1
votes

am trying to import data from mysql to hdfs/hive using Nifi facing some challenges. please suggest me.

  1. QueryDatabaseTable ---mysql data
  2. ConvertAvroToJson --- output
[{"emp_id": 467260, "emp_name": "Rob", "emp_age": 32},
{"emp_id": 467261, "emp_name": "Vijay", "emp_age": 32},
{"emp_id": 467258, "emp_name": "Jayaprakash", "emp_age": 26},
{"emp_id": 467259, "emp_name": "Kalyan", "emp_age": 32},
{"emp_id": 467262, "emp_name": "Andy", "emp_age": 20},
{"emp_id": 467263, "emp_name": "Ashley", "emp_age": 24},
{"emp_id": 467264, "emp_name": "Mounika", "emp_age": 24}]
  1. splitjson -- how to split json file into single flow files
2

2 Answers

2
votes

As James said, in SplitJson, you may want is $, or you can try $.*

As an alternative, you can try QueryDatabaseTable -> SplitAvro -> ConvertAvroToJson, this will split the Avro records first instead of converting the whole set to JSON then splitting the JSON.

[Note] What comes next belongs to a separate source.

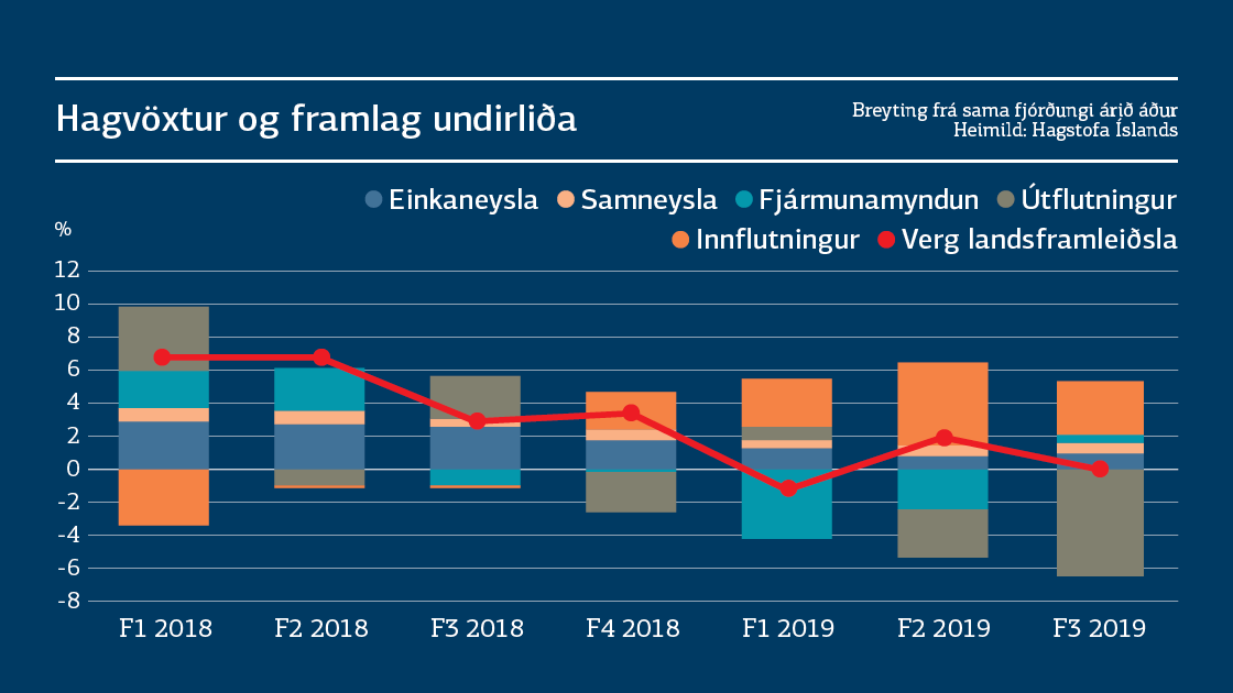 Samdrátt landsframleiðslu á þriðja fjórðungi má einungis skýra með miklum samdrætti í útflutningi. Samdrátturinn nam 12,9% miðað við sama tímabil í fyrra. Ársfjórðungsgögn Hagstofunnar ná aftur til ársins 1995 og frá þeim tíma er þetta mesti samdráttur útflutnings á einum fjórðungi sem mælst hefur. Bæði útflutningur vöru og þjónustu dróst saman á fjórðungnum. Vöruútflutningur dróst saman um 5,2% en þjónustuútflutningur um 16,7% og skýrist samdráttur útflutnings vöru og þjónustu að megninu til af samdrætti þjónustuútflutnings. Sá samdráttur skýrist síðan aftur af brotthvarfi WOW air á þessu ári.

In Apache NiFi 1.0.0, there will be a ConvertAvroToORC processor which will allow you to convert directly to ORC, then you can use PutHDFS and PutHiveQL (in NiFi 0.7.0 and 1.0.0) to transfer the files to HDFS and create a Hive table atop the target directory to make the data ready for querying.

0
votes

I believe the JsonPath Expression to split those records is just $, because the array of records is the root object.